● **DATA PROVIDED**
· · · · ·

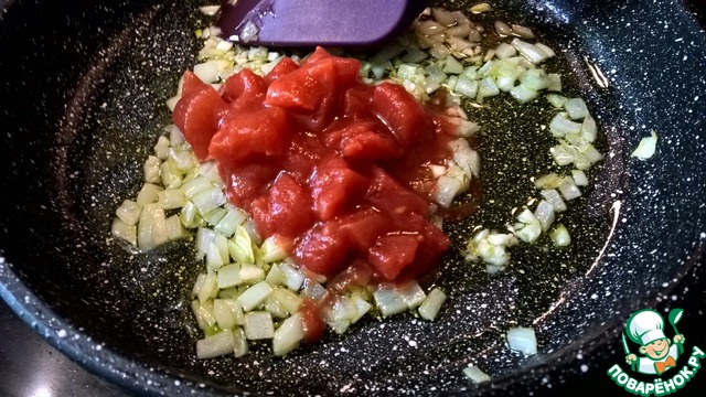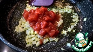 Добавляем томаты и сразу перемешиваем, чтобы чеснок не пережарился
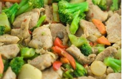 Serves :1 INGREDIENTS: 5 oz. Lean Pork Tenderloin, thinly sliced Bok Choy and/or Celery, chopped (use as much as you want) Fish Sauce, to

· · · · ·

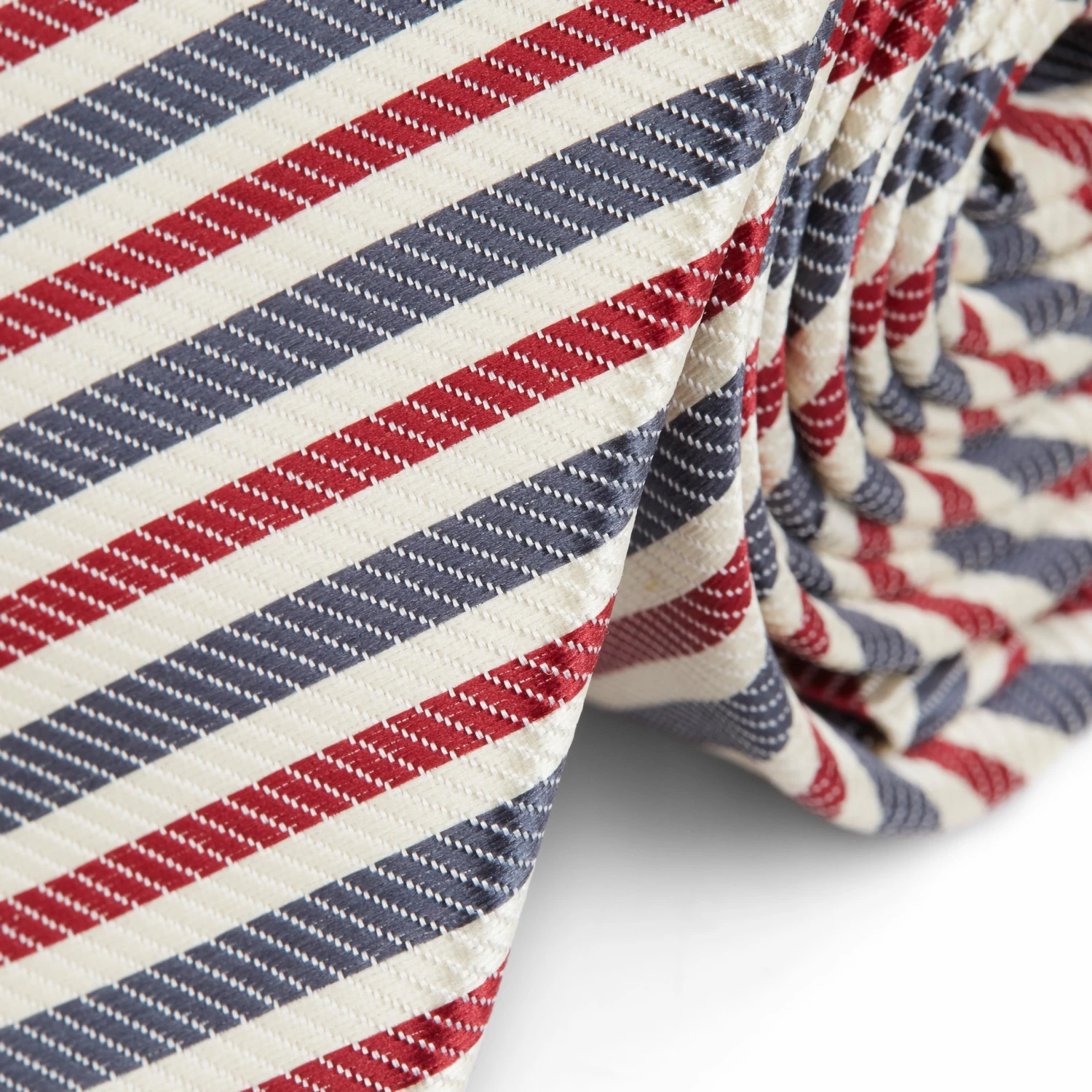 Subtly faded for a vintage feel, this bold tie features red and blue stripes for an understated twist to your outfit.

· · · · ·

● **TASK TO CARRY OUT**
Find the line with "Добавляем томаты и" and the line with "Serves :1 INGREDIENTS: 5" in the records above. Copy both and all lines between them exactly, without pictures.

● **FINISHED TASK**
 Добавляем томаты и сразу перемешиваем, чтобы чеснок не пережарился
 Serves :1 INGREDIENTS: 5 oz. Lean Pork Tenderloin, thinly sliced Bok Choy and/or Celery, chopped (use as much as you want) Fish Sauce, to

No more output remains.